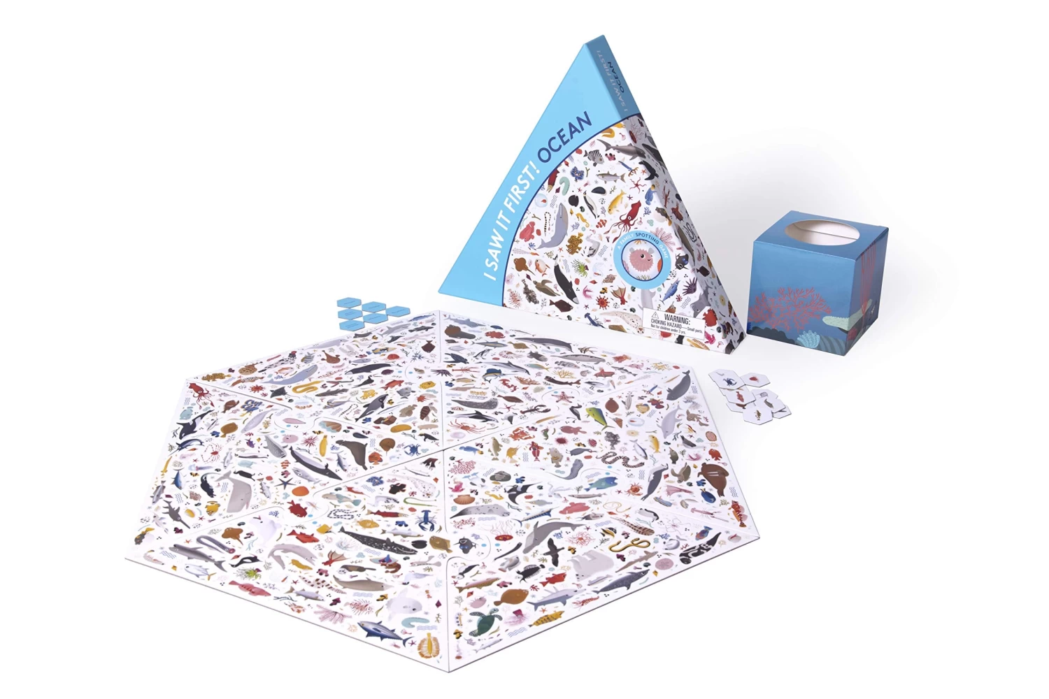 Coming in a triangular box with a hexagonal double-sided board, I Saw It First! Ocean features charming illustrations by Caroline Selmes. Simple to understand but addictive to play, this fun and challenging game will delight adults and children alike.
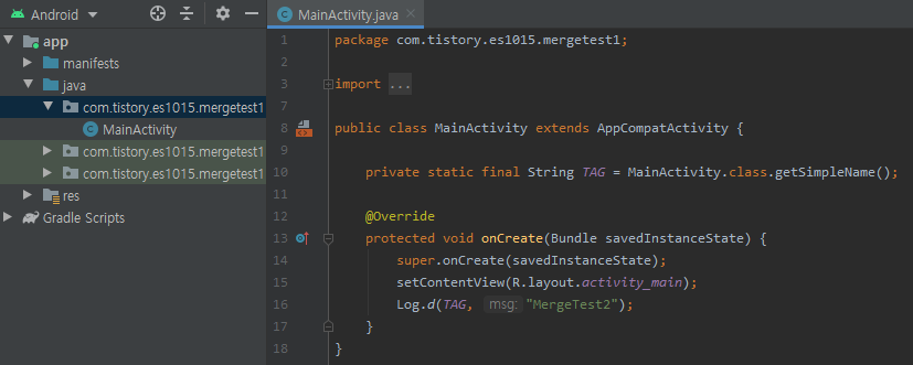 - MainActivty onCreate Log msg "MergeTest1"
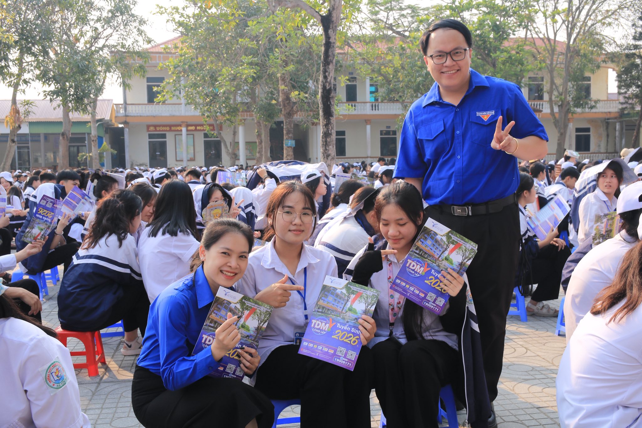Sáng 06/4/2026, Đoàn Thanh niên – Hội Sinh viên Trường Đại học Thủ Dầu Một tổ chức chương trình tư vấn tuyển sinh, định hướng nghề nghiệp kết hợp trao học bổng tại Trường THPT Nguyễn Văn Trỗi (xã Mai Phụ, Hà Tĩnh), thu hút sự tham gia của đông đảo học sinh.
=====
▶ _Your task_
Repeat the lines of the listing above verbatim, beginning at its first line and ending at the line containing "- MainActivty onCreate", which is included. Omit pictures.

▶ _Finished task_
 Coming in a triangular box with a hexagonal double-sided board, I Saw It First! Ocean features charming illustrations by Caroline Selmes. Simple to understand but addictive to play, this fun and challenging game will delight adults and children alike.
 - MainActivty onCreate Log msg "MergeTest1"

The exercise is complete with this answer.